Article 9 read as follows:

"Gentlemen distinguished for public service or eminent in commerce, industry or manufacture or otherwise interested in the aims and objects of the Chamber may be elected as honorary members by a general meeting of the Chamber...."

Section 36(2) refers to association of employers. That necessarily means that it cannot be an association of persons who are not employers or any association where non-employers can become members. This association of employers contemplates a trade union of employers. When the Legislature permits an association of employers to represent the cause of a member-employer, it implies that the association must be of persons interested in safeguarding and defending the claims of member- employers. Whether such association is of workmen or of employers, the main feature of such association is collective bargaining; and such association should consist of members with community of interest in the matter of employment forming of coherent union and competent to speak or make agreement for its own side. Since the representation contemplated by Section 36(1) or 36(2) is through another, the intention of the Legislature is to permit each side of the industry to combine under a registered trade union or recognised association to act with one mind in the interest of the respective union or association. In the present case, it is clearly shown that Southern Gujarat Chamber of Commerce and Industry cannot be said to be as association of employers and, therefore, an officer of that association cannot be permitted to represent a member of that association in a proceeding under the Industrial Disputes Act. Therefore, the Labour Court was not right in permitting Shri G.M. Vakil, as an officer of an association of employers, to represent the respondent-managment in the present proceedings. Hence, the order of the Labour ' Court is required to be quashed and set aside.

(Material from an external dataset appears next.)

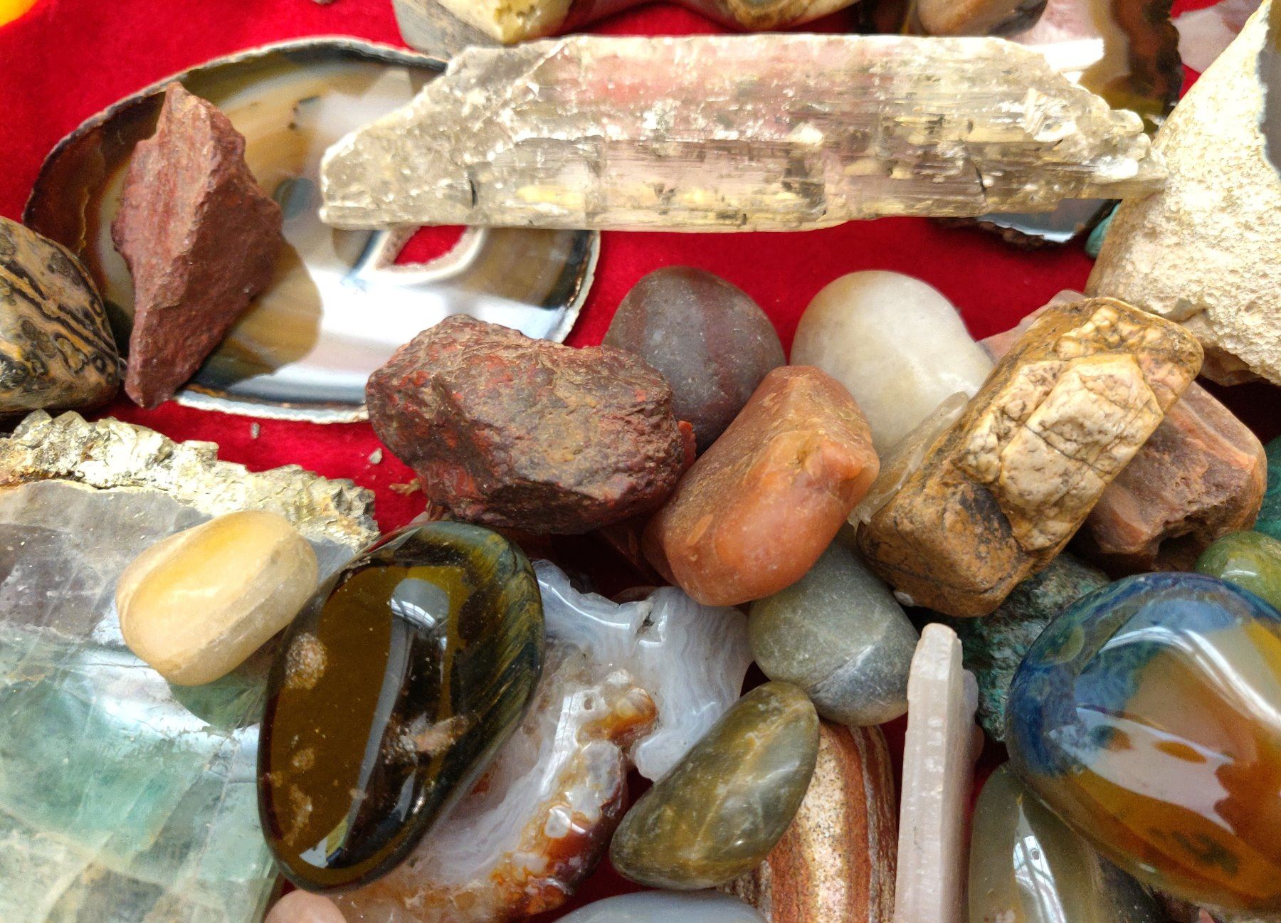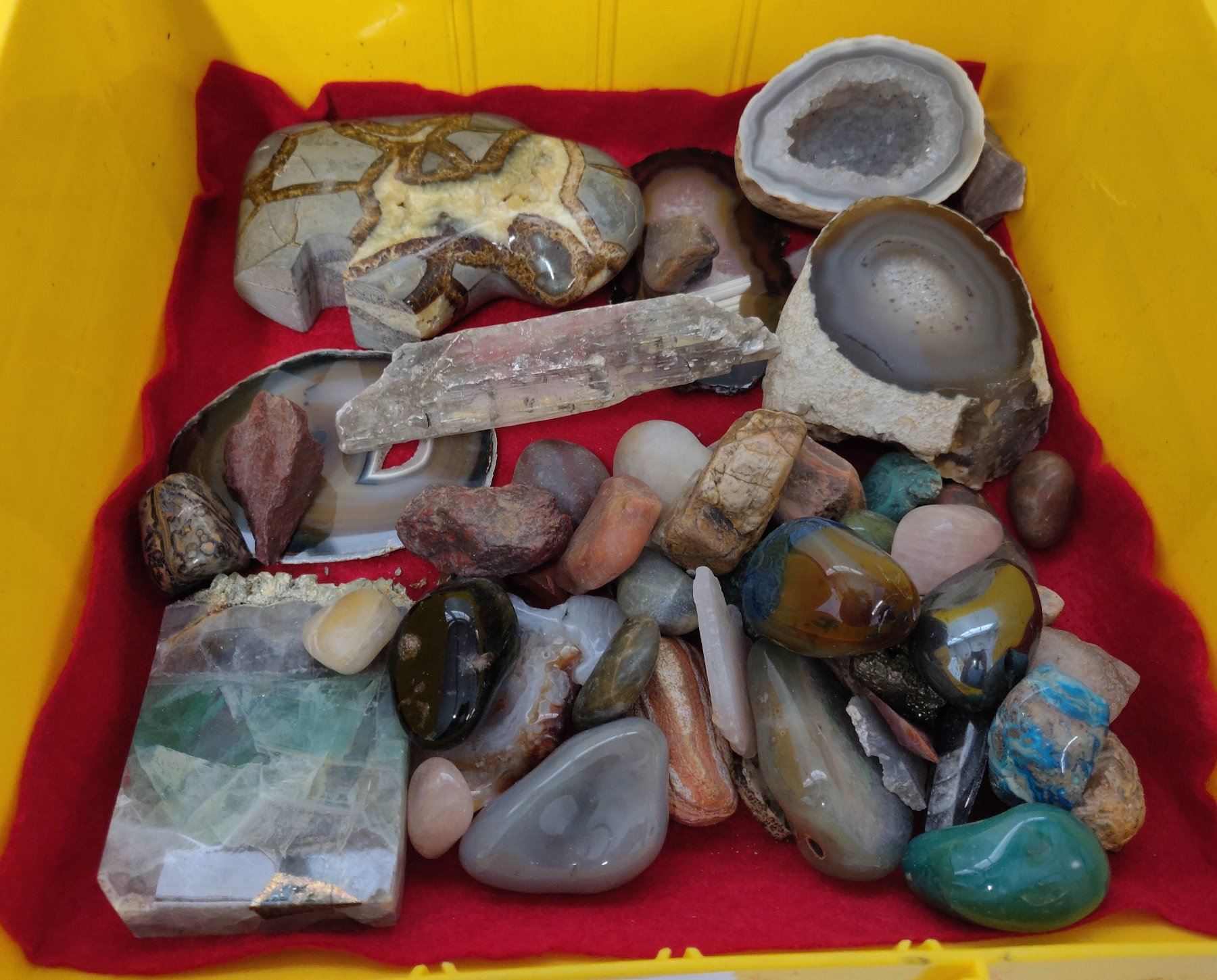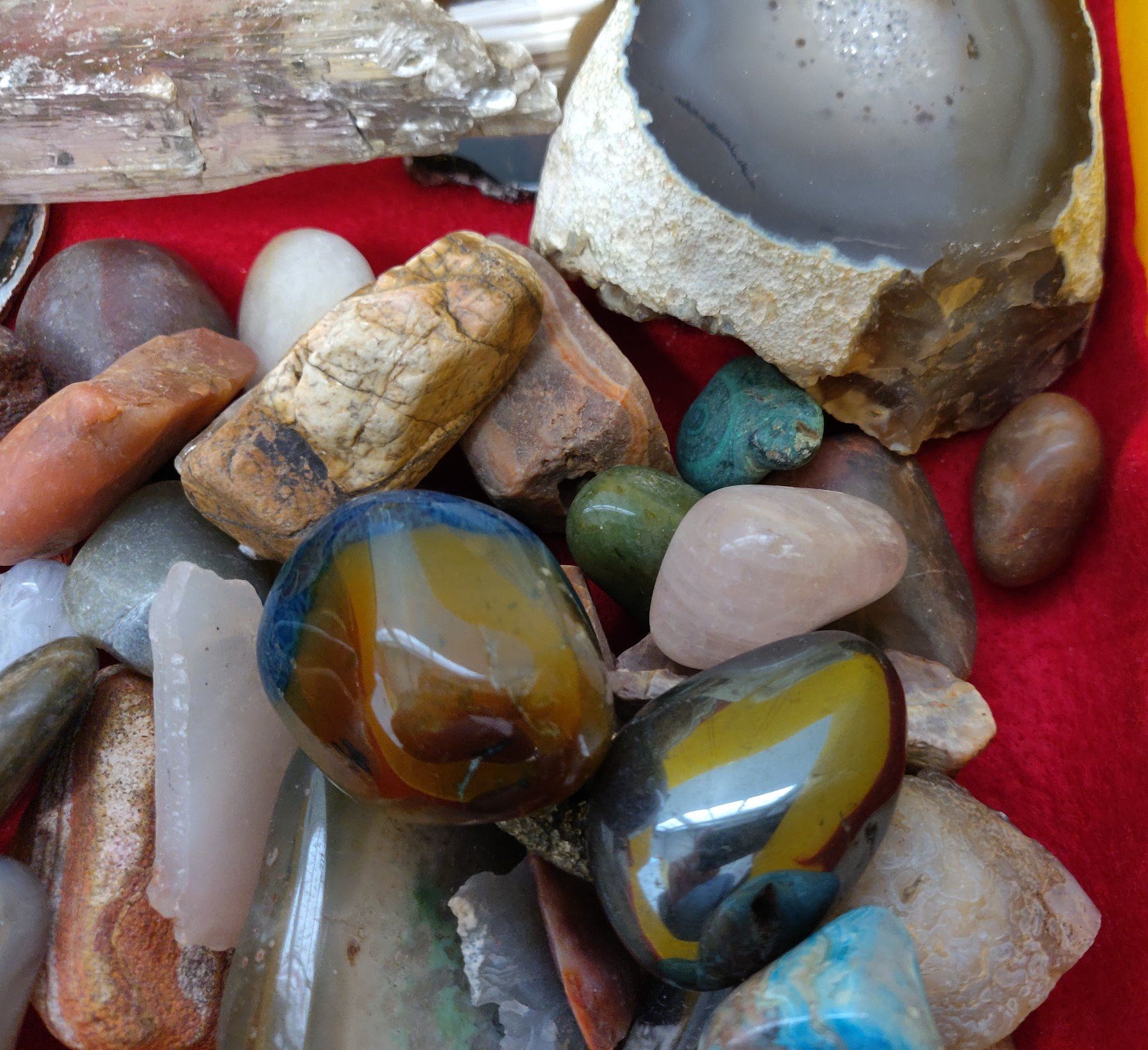 Large Gem & Mineral Collection, ancient items polished in modern times. Made of quartz, agate, iron pyrite, etc., the largest measures 4 1/2". Mostly USA. More than 40 pieces total, includes picture rock, buffalo. Condition: Good, see images. Shipping: $35.50 w/insurance and signature, wrapped, due to value.

5. In the result, this petition succeeds and rule is made absolute by quashing and setting (aside) the impugned judgment and order permitting Shri G.M. Vakil to appear as an Advocate or representative of the first respondent. Rule is made absolute with costs. Since the recovery application is pending several years, the Labour Court is directed to expedite the hearing thereof and dispose it of within a period of six months.